◆ WHAT THIS TASK INVOLVES
Down to the last line, set down the listing below exactly, apart from its pictures.
[Opening SOURCE MATERIAL section]
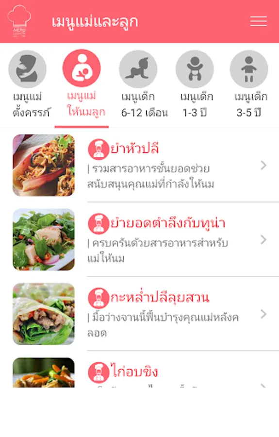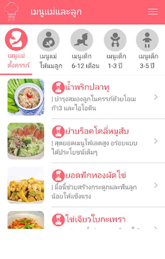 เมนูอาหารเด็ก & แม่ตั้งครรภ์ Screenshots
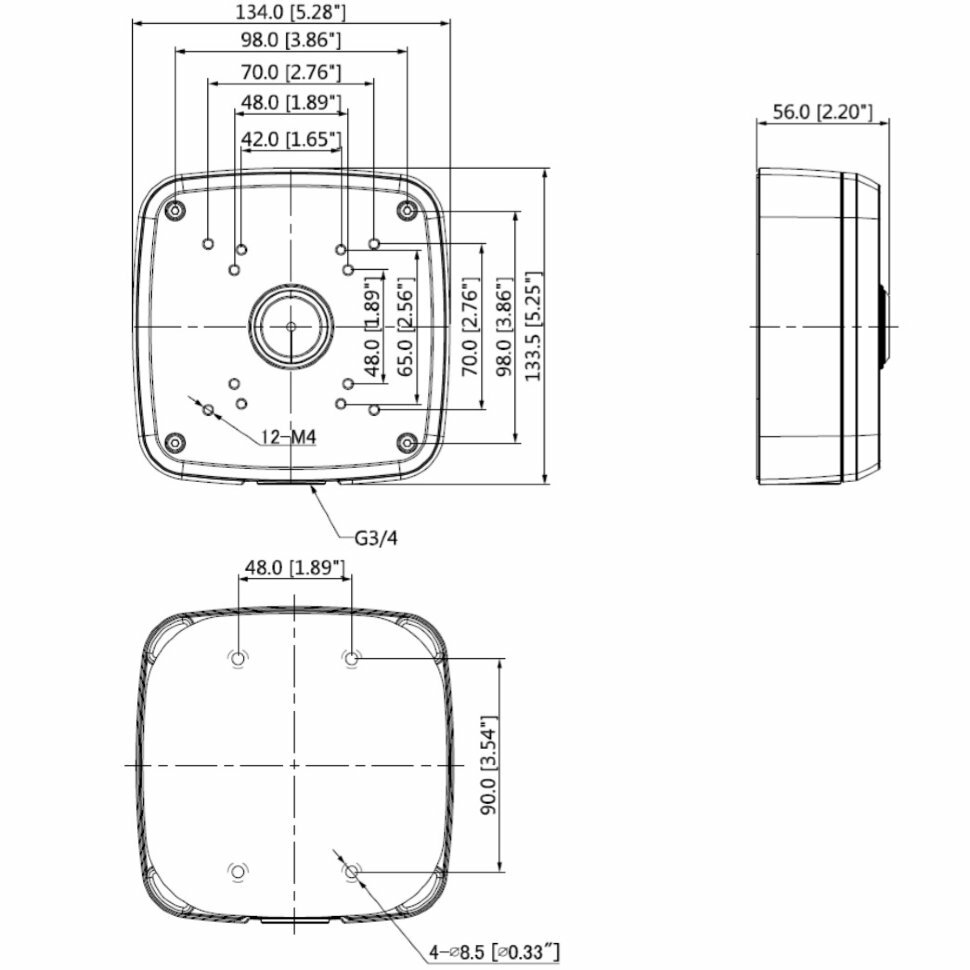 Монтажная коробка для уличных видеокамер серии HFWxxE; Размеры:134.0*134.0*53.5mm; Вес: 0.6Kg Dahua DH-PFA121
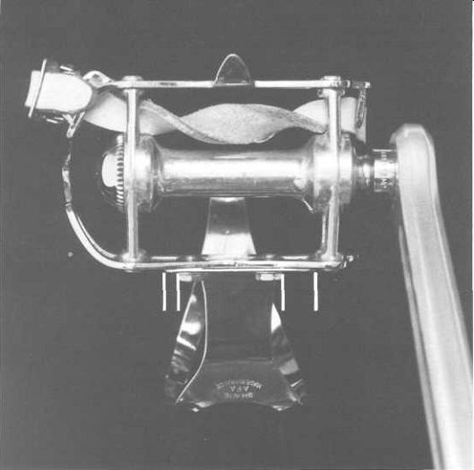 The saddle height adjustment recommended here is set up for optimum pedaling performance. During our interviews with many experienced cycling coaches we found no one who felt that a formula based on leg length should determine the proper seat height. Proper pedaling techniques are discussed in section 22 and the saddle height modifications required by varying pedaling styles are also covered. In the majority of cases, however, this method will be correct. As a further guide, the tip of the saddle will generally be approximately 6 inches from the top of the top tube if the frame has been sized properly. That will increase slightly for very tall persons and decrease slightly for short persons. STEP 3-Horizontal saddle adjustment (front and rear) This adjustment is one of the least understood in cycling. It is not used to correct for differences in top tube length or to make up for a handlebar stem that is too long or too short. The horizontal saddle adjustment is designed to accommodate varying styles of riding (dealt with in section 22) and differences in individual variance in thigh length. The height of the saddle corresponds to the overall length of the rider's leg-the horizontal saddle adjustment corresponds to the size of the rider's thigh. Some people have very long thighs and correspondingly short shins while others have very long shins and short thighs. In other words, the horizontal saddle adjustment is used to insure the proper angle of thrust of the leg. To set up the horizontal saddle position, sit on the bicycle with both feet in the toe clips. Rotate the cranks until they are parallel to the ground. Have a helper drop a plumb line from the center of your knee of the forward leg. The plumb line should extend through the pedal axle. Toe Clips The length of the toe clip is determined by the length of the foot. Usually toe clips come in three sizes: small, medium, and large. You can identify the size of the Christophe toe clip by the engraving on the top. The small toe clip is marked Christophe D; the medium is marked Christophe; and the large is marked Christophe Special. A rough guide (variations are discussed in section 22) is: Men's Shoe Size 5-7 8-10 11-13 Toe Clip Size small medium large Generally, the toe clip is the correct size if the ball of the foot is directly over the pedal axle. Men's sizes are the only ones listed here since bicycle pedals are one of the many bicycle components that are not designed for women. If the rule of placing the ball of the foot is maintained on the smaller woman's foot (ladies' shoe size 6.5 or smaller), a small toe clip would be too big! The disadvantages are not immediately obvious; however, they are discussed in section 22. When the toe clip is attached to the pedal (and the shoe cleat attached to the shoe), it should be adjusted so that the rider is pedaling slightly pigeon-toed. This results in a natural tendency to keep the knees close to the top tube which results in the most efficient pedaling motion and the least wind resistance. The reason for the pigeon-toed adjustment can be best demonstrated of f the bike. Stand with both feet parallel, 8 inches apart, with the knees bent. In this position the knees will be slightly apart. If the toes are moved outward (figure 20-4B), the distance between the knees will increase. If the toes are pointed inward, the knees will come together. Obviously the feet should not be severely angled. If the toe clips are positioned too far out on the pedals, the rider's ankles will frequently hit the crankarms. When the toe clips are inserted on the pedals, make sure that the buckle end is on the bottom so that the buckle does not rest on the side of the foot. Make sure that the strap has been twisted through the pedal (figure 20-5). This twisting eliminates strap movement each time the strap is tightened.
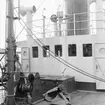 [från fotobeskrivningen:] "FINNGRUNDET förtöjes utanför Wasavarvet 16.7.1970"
[Closing SOURCE MATERIAL section]
◆ TASK ANSWER
 เมนูอาหารเด็ก & แม่ตั้งครรภ์ Screenshots
 Монтажная коробка для уличных видеокамер серии HFWxxE; Размеры:134.0*134.0*53.5mm; Вес: 0.6Kg Dahua DH-PFA121
 The saddle height adjustment recommended here is set up for optimum pedaling performance. During our interviews with many experienced cycling coaches we found no one who felt that a formula based on leg length should determine the proper seat height. Proper pedaling techniques are discussed in section 22 and the saddle height modifications required by varying pedaling styles are also covered. In the majority of cases, however, this method will be correct. As a further guide, the tip of the saddle will generally be approximately 6 inches from the top of the top tube if the frame has been sized properly. That will increase slightly for very tall persons and decrease slightly for short persons. STEP 3-Horizontal saddle adjustment (front and rear) This adjustment is one of the least understood in cycling. It is not used to correct for differences in top tube length or to make up for a handlebar stem that is too long or too short. The horizontal saddle adjustment is designed to accommodate varying styles of riding (dealt with in section 22) and differences in individual variance in thigh length. The height of the saddle corresponds to the overall length of the rider's leg-the horizontal saddle adjustment corresponds to the size of the rider's thigh. Some people have very long thighs and correspondingly short shins while others have very long shins and short thighs. In other words, the horizontal saddle adjustment is used to insure the proper angle of thrust of the leg. To set up the horizontal saddle position, sit on the bicycle with both feet in the toe clips. Rotate the cranks until they are parallel to the ground. Have a helper drop a plumb line from the center of your knee of the forward leg. The plumb line should extend through the pedal axle. Toe Clips The length of the toe clip is determined by the length of the foot. Usually toe clips come in three sizes: small, medium, and large. You can identify the size of the Christophe toe clip by the engraving on the top. The small toe clip is marked Christophe D; the medium is marked Christophe; and the large is marked Christophe Special. A rough guide (variations are discussed in section 22) is: Men's Shoe Size 5-7 8-10 11-13 Toe Clip Size small medium large Generally, the toe clip is the correct size if the ball of the foot is directly over the pedal axle. Men's sizes are the only ones listed here since bicycle pedals are one of the many bicycle components that are not designed for women. If the rule of placing the ball of the foot is maintained on the smaller woman's foot (ladies' shoe size 6.5 or smaller), a small toe clip would be too big! The disadvantages are not immediately obvious; however, they are discussed in section 22. When the toe clip is attached to the pedal (and the shoe cleat attached to the shoe), it should be adjusted so that the rider is pedaling slightly pigeon-toed. This results in a natural tendency to keep the knees close to the top tube which results in the most efficient pedaling motion and the least wind resistance. The reason for the pigeon-toed adjustment can be best demonstrated of f the bike. Stand with both feet parallel, 8 inches apart, with the knees bent. In this position the knees will be slightly apart. If the toes are moved outward (figure 20-4B), the distance between the knees will increase. If the toes are pointed inward, the knees will come together. Obviously the feet should not be severely angled. If the toe clips are positioned too far out on the pedals, the rider's ankles will frequently hit the crankarms. When the toe clips are inserted on the pedals, make sure that the buckle end is on the bottom so that the buckle does not rest on the side of the foot. Make sure that the strap has been twisted through the pedal (figure 20-5). This twisting eliminates strap movement each time the strap is tightened.
 [från fotobeskrivningen:] "FINNGRUNDET förtöjes utanför Wasavarvet 16.7.1970"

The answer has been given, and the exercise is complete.